# Generic notebook to guide on the conventions for reading from Raw or Bronze and generating parquet files in the silver layer

### Configuration
|Item|Value|
|---|---|
|Parameter|Expects a parameter with a JSON object that contains an attribute with a full file path to the source file.|
|Source File Identification|Retrive from URL received in JSON parameter|
|Output|Will write the output to parquet files in the silver container of the data lake.

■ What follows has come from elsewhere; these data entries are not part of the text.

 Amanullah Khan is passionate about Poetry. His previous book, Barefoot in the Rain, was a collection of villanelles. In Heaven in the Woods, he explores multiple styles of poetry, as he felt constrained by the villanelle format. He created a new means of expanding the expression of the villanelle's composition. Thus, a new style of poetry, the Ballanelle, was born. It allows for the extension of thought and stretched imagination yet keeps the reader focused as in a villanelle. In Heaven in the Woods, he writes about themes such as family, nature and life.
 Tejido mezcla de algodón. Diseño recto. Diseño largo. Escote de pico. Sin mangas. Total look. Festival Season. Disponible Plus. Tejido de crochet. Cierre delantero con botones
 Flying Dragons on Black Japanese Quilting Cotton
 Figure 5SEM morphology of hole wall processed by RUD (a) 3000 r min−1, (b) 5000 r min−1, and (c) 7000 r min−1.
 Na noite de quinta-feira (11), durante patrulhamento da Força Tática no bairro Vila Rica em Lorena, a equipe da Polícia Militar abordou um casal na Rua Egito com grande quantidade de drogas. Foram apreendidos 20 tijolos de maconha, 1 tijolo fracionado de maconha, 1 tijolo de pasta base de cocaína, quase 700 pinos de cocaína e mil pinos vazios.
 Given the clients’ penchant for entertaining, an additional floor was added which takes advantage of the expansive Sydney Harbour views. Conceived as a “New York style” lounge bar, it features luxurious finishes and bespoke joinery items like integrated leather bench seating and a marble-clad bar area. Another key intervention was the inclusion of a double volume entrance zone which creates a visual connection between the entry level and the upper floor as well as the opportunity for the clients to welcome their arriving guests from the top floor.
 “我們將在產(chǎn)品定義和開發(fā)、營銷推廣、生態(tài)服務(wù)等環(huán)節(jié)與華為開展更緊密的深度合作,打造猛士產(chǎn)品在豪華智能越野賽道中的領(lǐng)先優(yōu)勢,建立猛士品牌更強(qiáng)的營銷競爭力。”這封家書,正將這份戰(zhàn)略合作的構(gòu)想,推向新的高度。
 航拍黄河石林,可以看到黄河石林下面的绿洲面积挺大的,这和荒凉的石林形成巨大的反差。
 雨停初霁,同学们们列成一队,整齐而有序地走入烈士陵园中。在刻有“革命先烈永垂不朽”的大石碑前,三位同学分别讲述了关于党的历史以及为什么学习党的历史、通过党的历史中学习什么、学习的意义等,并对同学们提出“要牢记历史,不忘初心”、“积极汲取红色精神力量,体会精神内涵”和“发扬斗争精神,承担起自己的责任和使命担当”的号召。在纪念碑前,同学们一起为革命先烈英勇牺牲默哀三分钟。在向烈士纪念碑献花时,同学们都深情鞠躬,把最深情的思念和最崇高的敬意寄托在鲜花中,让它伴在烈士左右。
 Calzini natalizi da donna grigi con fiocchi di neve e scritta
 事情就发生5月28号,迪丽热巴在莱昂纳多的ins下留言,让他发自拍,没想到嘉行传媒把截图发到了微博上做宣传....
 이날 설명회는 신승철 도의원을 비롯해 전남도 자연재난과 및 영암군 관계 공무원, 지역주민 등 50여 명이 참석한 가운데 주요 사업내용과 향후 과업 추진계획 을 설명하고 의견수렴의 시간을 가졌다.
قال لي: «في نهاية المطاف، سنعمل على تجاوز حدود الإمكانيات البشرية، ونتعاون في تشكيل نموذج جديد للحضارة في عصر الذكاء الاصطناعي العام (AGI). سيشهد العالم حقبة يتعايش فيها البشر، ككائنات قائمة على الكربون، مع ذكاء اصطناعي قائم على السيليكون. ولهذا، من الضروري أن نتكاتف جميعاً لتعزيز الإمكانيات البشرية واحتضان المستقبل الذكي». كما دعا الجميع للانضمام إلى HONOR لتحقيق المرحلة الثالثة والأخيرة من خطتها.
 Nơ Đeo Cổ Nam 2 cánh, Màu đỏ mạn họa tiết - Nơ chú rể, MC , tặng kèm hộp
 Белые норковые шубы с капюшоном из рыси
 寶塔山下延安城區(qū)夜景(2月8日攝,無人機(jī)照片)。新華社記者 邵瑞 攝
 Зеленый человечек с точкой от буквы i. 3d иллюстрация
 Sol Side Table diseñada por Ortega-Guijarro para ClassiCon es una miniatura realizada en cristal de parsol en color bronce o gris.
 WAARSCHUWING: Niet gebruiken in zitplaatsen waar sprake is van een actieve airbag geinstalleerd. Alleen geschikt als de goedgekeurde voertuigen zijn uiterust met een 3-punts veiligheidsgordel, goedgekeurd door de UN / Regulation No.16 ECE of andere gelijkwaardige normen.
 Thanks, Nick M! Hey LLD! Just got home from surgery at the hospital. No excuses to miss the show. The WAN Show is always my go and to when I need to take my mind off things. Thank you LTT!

Number of files based on spark partition setting|
|Manipulations included|Data Type correction, normalise JSON, hard structure changes to enable platinum layer to function efficiently|

## Enhancement still to be done
1. Add the IngestionDateTimeUTC value from the source file into target files. 
2.

# Import all libraries required
Only import the libraries and functions that are actually used.

In [0]:
import json
import pyspark.sql

# Call Administration notebook to perform tasks before the data modelling can continue. 

*Look into having a single admin notebook where we store all the admin tasks and always just all that one??*

In [0]:
%run ../Administration/CreateDatabaseIfNotExists

# Call the applicable Helper Functions notebooks to include their functions for use in this Notebook

In [0]:
%run ../HelperFunctions/DataLakeHelperFunctions

# Parameters / Widgets

Here the single JSON typed parameter widget of the notebook will be called and the value stored in a variable. 

Having it as JSON means we can send multiple values from the calling code such as Data Factory to the notebook at run time with a single widget / paramter. 

When we want to add more parameter values leter, it doesn't require a notebook change to add more widgets OR a data factory change to add more parameters. 

The JSON object will be unpacked and the attributes needed extracted in to variables with the "p" prefix to show it was a notebook level parameter.

Run this when you want to re-initialise the widget in the following cell with new default values. 
Do not let this cell run as part of normal operations

In [0]:
#Run this when you want to re-initialise the widget in the following cell with new default values. 
#Do not let this cell run as part of normal operations
#dbutils.widgets.removeAll()

### Define the widget

In [0]:
# Create the widget in the first place with a default value one can use for testing
# This iteration expects a single JSON Object, not an array
dbutils.widgets.text("widgetNotebookWidgetWithJSONString", 
'''
{
"SourceDataLakeContainer": "rawdata",
"FileFullPath": "https://dianrandddatalake.blob.core.windows.net/rawdata/DummyAutomatedDirectory/2022/02/28/16/30/wwi-dimstockitem.csv",
"TargetDataLakeContainer": "silver",
"TargetDataLakeDirectory": "DummyAutomatedDirectory/2022/02/28/16/30"
}
'''
)

### Transform raw parameter values received into usable format
* Data type conversion
* String manipulation
* Property extraction
* etc.

Currently this focusses on the file path, but will be extended to work on all parameter values received

In [0]:
# At this stage, the string in the variable is still just a string, not typed as JSON. 
# Convert it to a JSON typed value using json.loads
pNotebookWidgetWithJSONString = json.loads(dbutils.widgets.get("widgetNotebookWidgetWithJSONString"))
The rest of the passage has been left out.